Code Riser A good introduction has to be clever, and this one certainly is. The header is interesting and gets the user interested. Text appears below to explain more, as does a link to the products and pricing.
Campaign Monitor Another beautiful introduction with beautiful typography that is readable and clean. The background is colorful, and a screenshot provides visual information.
Robert Marriott The typography in this introduction is large, and the white text works perfectly against the green background. Below is a paragraph in gray, which pops less than the large white description.
Another example of large typography used in an introduction. The background pattern separates it from the rest of the website.
IconDock An extremely well-designed and colorful introduction. The website isn’t that colorful, so the bright introduction livens up the design. The typography, especially in the header, is clean, and the introduction features an extremely detailed and colorful illustration against a great background.
indiqo.media The majority of introductions we’ve seen so far are rather complex compared to this one. This one is very simple and just fits the layout. Notice how the first sentence in the copy is highlighted. Instead of using a large font size, the designer here uses background color to make the text stand out.
Viktor Jarnheimer This introduction is also a bit different in that it is only a single short sentence, with no extra visual elements. It is simple but still works perfectly in the context.
Francesco Mugnai Again, a unique introduction. Instead of giving direct information about the freelancer, this introduction has quotes. This gets the user interested and intrigued, more than a simple title would.
Designed by Dave A freelancer’s introduction with welcome text and the designer’s name in very large typography, which jumps off the page.
Guifx A beautifully illustrated and detailed design that immediately grabs the user’s attention. The title to the left is well-structured and flow nicely, and a link is included to help the user find more information.
Sergio Noviello This separated introduction has classic typographic elements. A brief but large header with a longer and more informative paragraph below.
Pixelcraft This is a sliding introduction. Each slide contains text and a visual to support the text. The introduction has a different color and a defined border to make it stick out.
Matt Hamm Another very simple introduction, containing only large typography. Also, the “Hello” is very bright compared to the rest of the text.
Kyan Media Yet another simple introduction, with only text. I included this one to show the bevel that separates the navigation and header above from the introductory text below.

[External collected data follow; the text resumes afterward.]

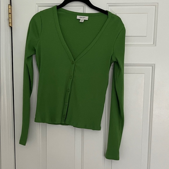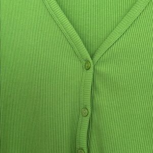 Elevate your wardrobe with this green ribbed V-neck cardigan. Perfect for layering, this stylish top offers both comfort and elegance.
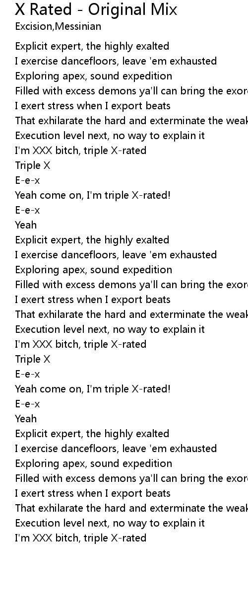 | [02:26.89] | I'm XXX bitch, triple X-rated |
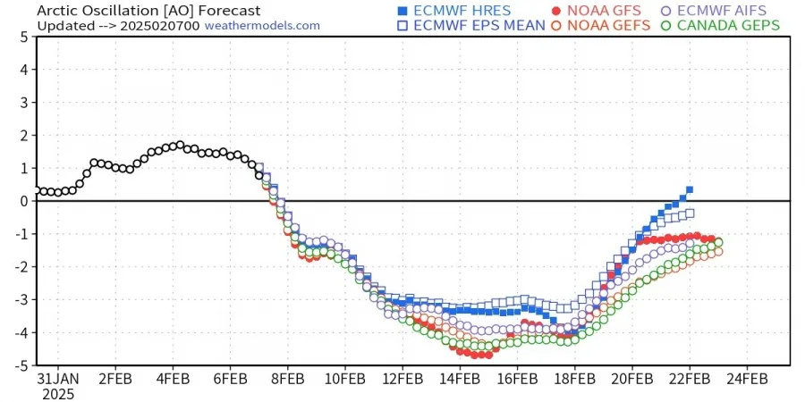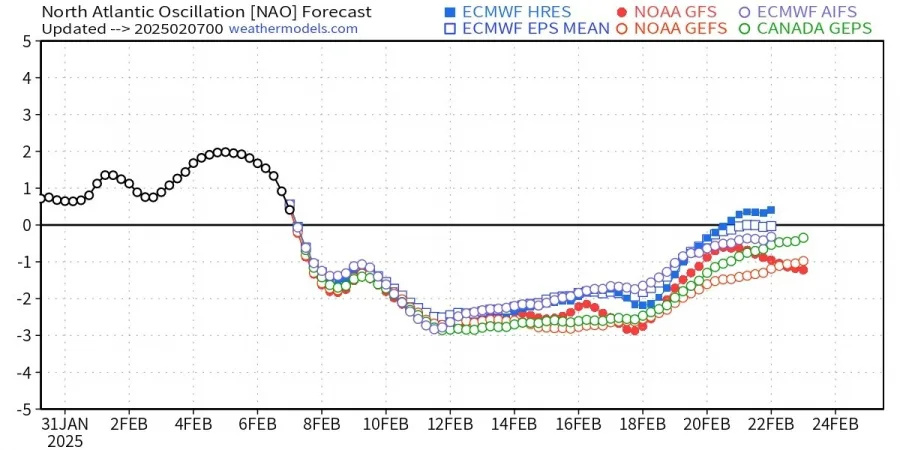 Δινω τα ΝΑΟ και ΑΟ απο τους μεσους όρους των ενσεμπλς GFS, Ευρωπαικου και GEM και απο τα κυρια μοντελα GFS, Ευρωπαικου και AIFS για τα 0z τρεξίματα και αναλυτικά μαζι με την διασπορά απο τα ενσεμπλς Ευρωπαικου απο τα 0z τρεξιματα και το ιδιο και απο ενσεμπλς αλλά και το κυιρο μελος GFS για τα 6z τρεξιματα.
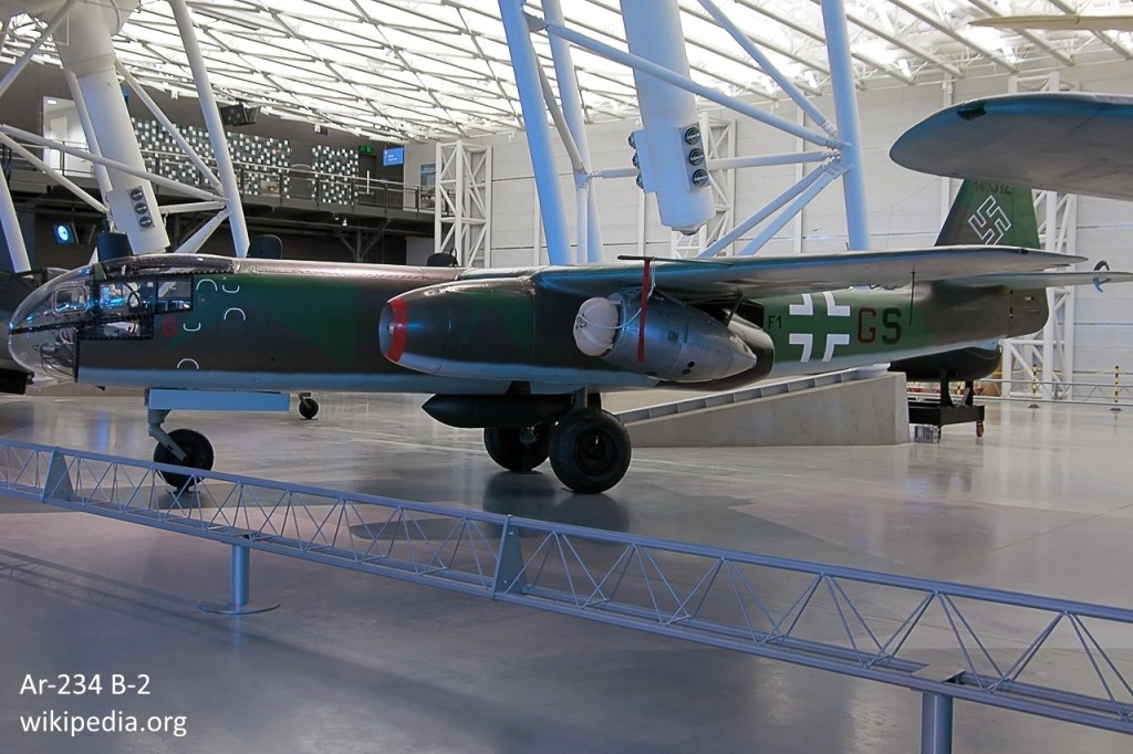 Alman uçak üreticisi Arado tarafından tasarlanıp üretilen Dünya’nın ilk jet motorlu bombardıman uçağıdır. II. Dünya Savaşı’nın son dönemlerinde jet motoru ile diğer önemli malzemelerin azlığından dolayı 1944-1945 arasında farklı varyantlarda 214 adet (210 adeti B varyantıdır) üretilebilmiştir. Bombardıman rolü yanında keşif/istihbarat; erken uyarı/avcı yönlendirme; gece savaşçısı, torpido uçağı; Mistel (mini avcı taşıyıcı/ana uçak) gibi roller alması planlanmış ancak çoğu iptal edilmiştir. C varyantı önceki varyantlara göre 4 motoru olması ile dikkat çekmektedir. Bugüne yalnızca bir adet B-2 modeli Ar-234 ulaşabilmiştir. Benim de modelini yaptığım C-3 varyantı 4 adet BMW 003 turbo jet motoru ile 857 km/sa hıza ve 13bin m yüksekliğe ulaşabiliyordu. 1 pilot tarafından uçurulan uçak gövde ve motor bloklarının altında toplam 3 adet silah istasyonunda 3 adet bomba ya da 2 bomba ve 1 adet torpido taşımaktaydı. Uçağın burun kısmında da 2 x 20 mm MG 151 makineli top bulunmaktaydı. C varyantından 14 adet gövde üretilmiş ancak yarıdan azına motor takılabilmiş, uçuş testleri başlayamadan Almanya teslim olmuştur.
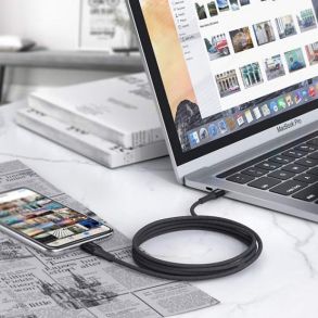 Charging And Data Sync - You can charge and data sync by connecting iPhone, iPad, iPod with Lightning connector to the USB-C port or Thunderbolt 3 (USB-C) port of Mac using Aukey Type C to Lightning cable.
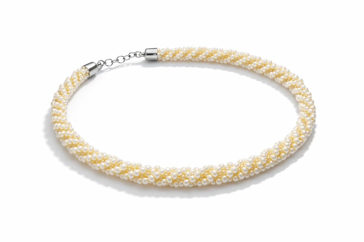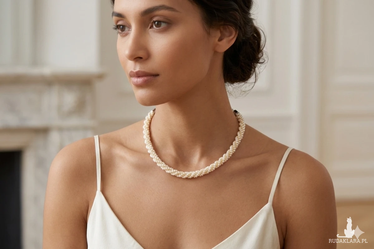 wykonanemu z setek drobnych, kremowych pereł. Jego unikalna, pleciona struktura w formie grubszego sznura
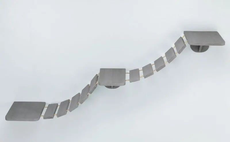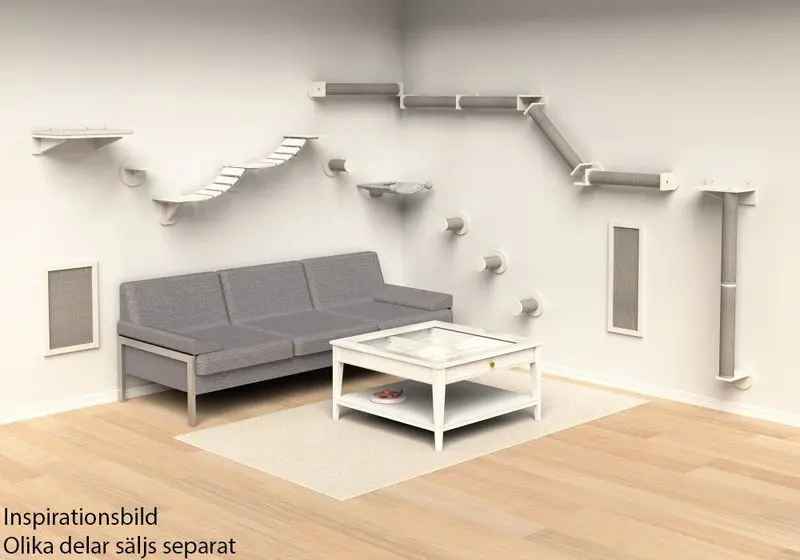 Kan monteras helt plant, som en hängbro som kanske leder din katt från t ex klösträdets högsta punkt och vidare till en garderob. Eller så kan den monteras lite lutande så att den blir en klätterstege, kanske från byrån och upp till klösträdet. Bara er fantasi sätter gränserna för denna roliga produkt.
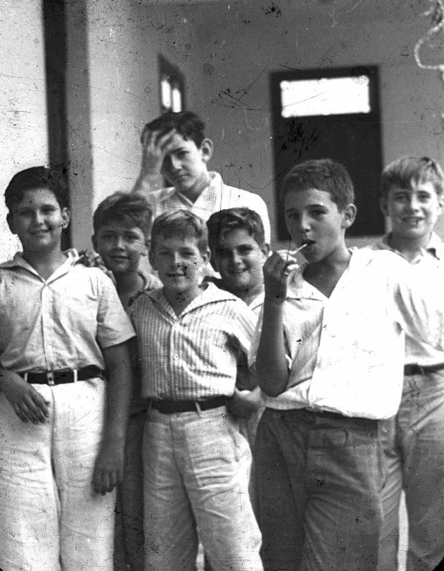 Юный Фидель Кастро с леденцом вместе со своими одноклассниками, учениками школы в Сантьяго, Куба, 1940 год.

Saturized Studio A subtle and simple introduction that gives quick information about the studio and what it does.
Outpost Another iPhone application website. The large blue text just pops out at the user.
Laurence Mercer The typography here is very large. Important keywords are highlighted in the introduction as focal points for the visitor.

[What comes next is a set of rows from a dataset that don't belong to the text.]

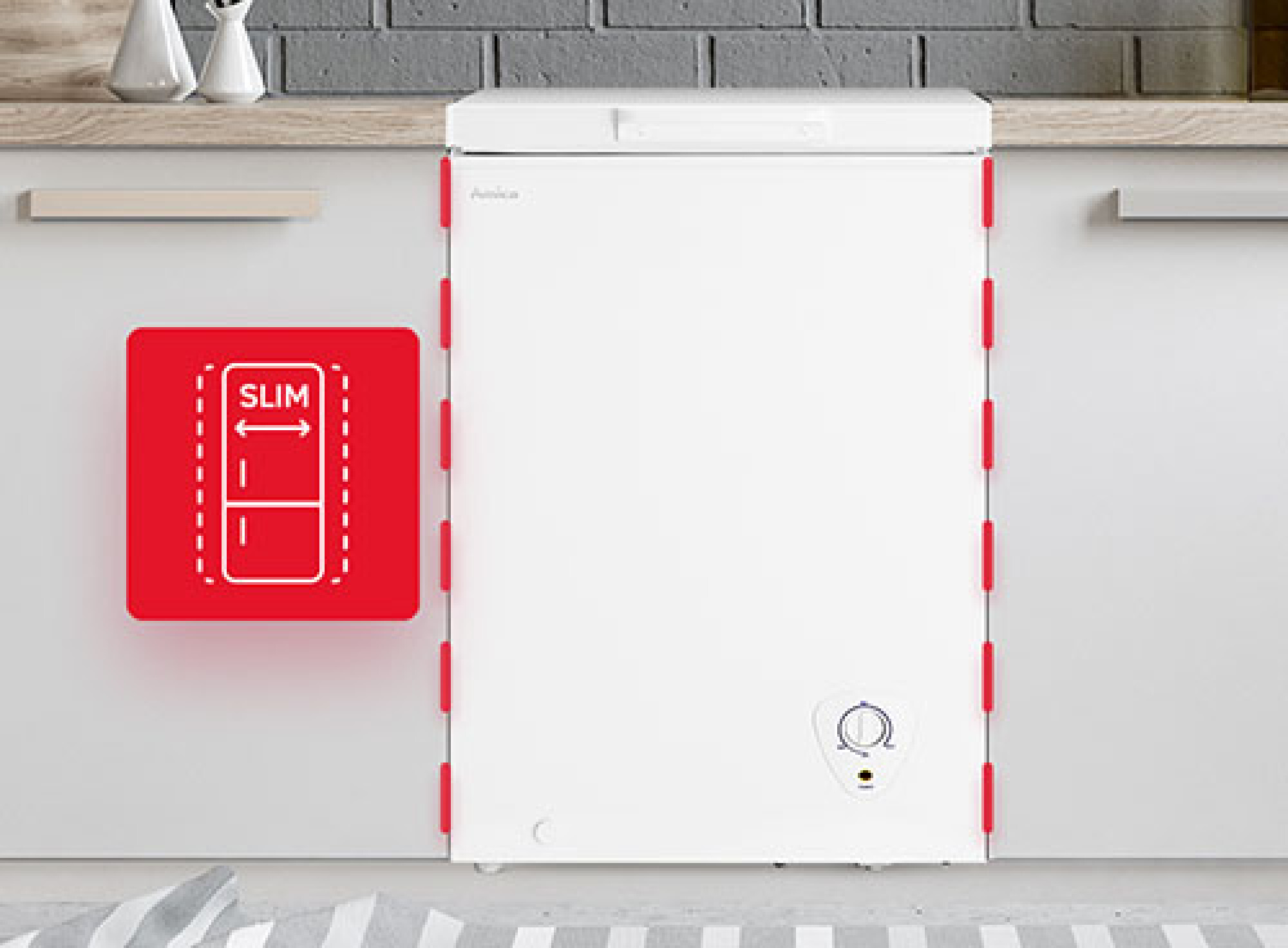 | Quantity of drawers 3 | Quantity of wire bottle shelves 1 | Replaceable door gaskets Yes | Safety Glass Yes | Low noise level Yes | SlimSize Yes | Thermostat setting range 0-7 | Top cover Yes | Fruit and vegetable container 1 |
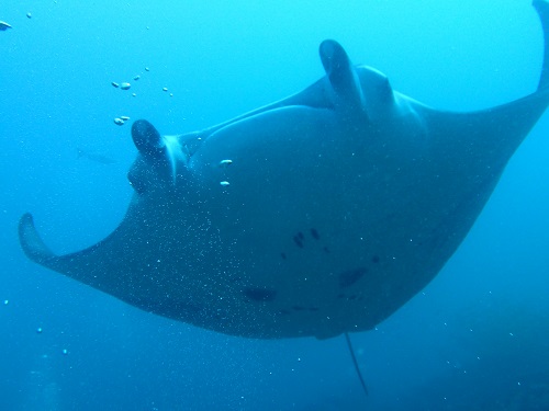 この日の最後はマンタポイント!!流れは弱くマッタリ泳いでいると正面から一枚スーッとマンタが過ぎていきました。
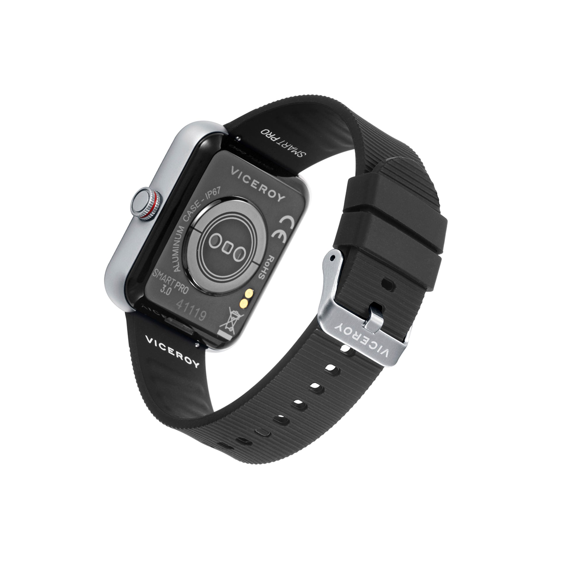 Smartwatch infantil Smartpro con correa de silicona negra y correa adicional con estampado de camuflaje gris
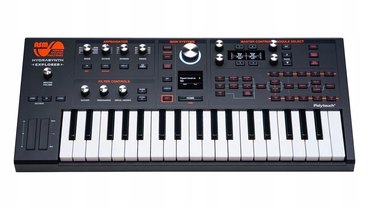 Используя расширенную волновую механизм синтеза, 3 генератора, двойные волновые мутаторы и 2 фильтра, которые можно настроить последовательно или параллельно, возможность генерирования звука несравнена. Explorer имеет клавиатуру Polytouch ™ среднего размера 37 новой среднего размера, которая предлагает полифоническую AfterTouch для каждой ноты, что дает вам своего рода выразительный контроль, обнаруженный только в некоторых винтажных синтезаторах. ASM Polytouch®, полуразмерная пластина среднего размера, которая позволяет использовать как скорость включения/выключения, так и Aftertouch, а также полную полифоническую Aftertouch.
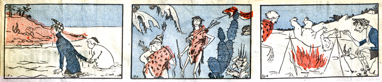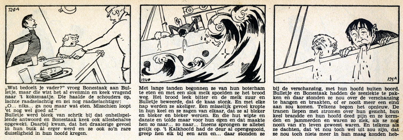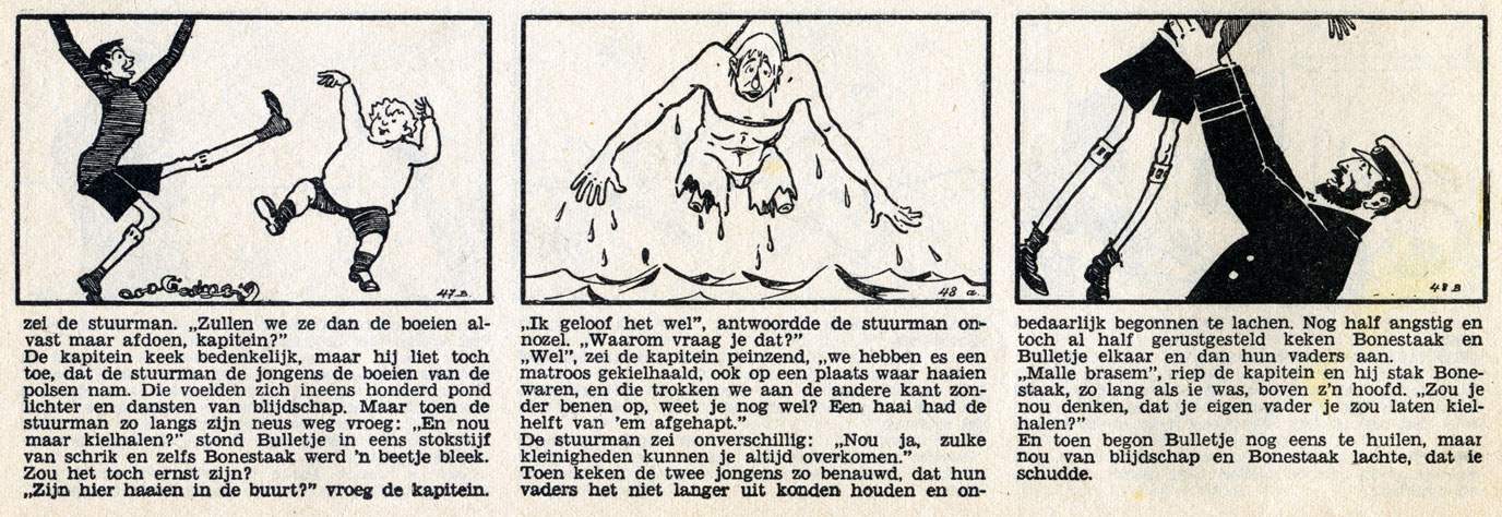 Indeed, 'Bulletje en Boonestaak' was a very subversive comic for the times. Several scenes taunted censors. In one narrative, for instance, the boys get seasick and throw up. In most illustrated stories at the time such action wouldn't be visualized, or at least merely suggested by showing characters discretely from the back. Van Raemdonck, however, shows their vomiting faces in full, disgusting view. Bulletje and Boonestaak are sometimes shown in the nude too, with their genitals exposed in a matter-of-fact fashion. Other imagery in the series could be quite gruesome and violent. In one scene, Bulletje imagines himself being roasted above a fire by cannibals. When his father tells him a keelhauled sailor once had his legs bit off by a shark, this is shown in bloody detail. Another narrative features a surreal head transplant. In one of his tall tales, Ouwe Hein tells how his ship was once attacked by buccaneers. To defend himself, Hein takes a large knife and engages in a fight with the robber chieftain, who is armed with a sword. They strike each other at the same moment, after which heads fly through the air and coincidentally change places accurately. Thanks to the tropical heat, the heads quickly become attached to their new bodies. The men return home, but their wives do not want a man with the wrong body. A genius English doctor is willing to risk a head transplant. Van Raemdonck draws the man working with saws and soldering irons to perform the only head transplant in history so far.

Pavel Maček Another good example of typographical hierarchy in the introduction. This one has three levels of hierarchy. Also, multiple illustrations are used, which looks great.
Neutron Creations The copy here fits perfectly in the grid layout. The text is nicely styled, and again focal points are used.
GoodBarry Hierarchy works well here. The welcome text is large and gets the user to read more. A screenshot provides a preview of the application.
Espresso This header is nice, and below a quick sentence is added. Again, a graphical element is included, this one a beautifully illustrated coffee mug that evokes the name of the company.
Crush + Lovely Nicely highlighted text against a masterfully textured background.
Clearleft The header really sticks out here and is the perfect color for the rest of the website. Below, more information is included.
Paramore | Redd A simple, quick header with brief information in this introduction.
Mike Precious This header is clean and just right for the website. The illustration to the right is perfect and does its job in attracting visitors.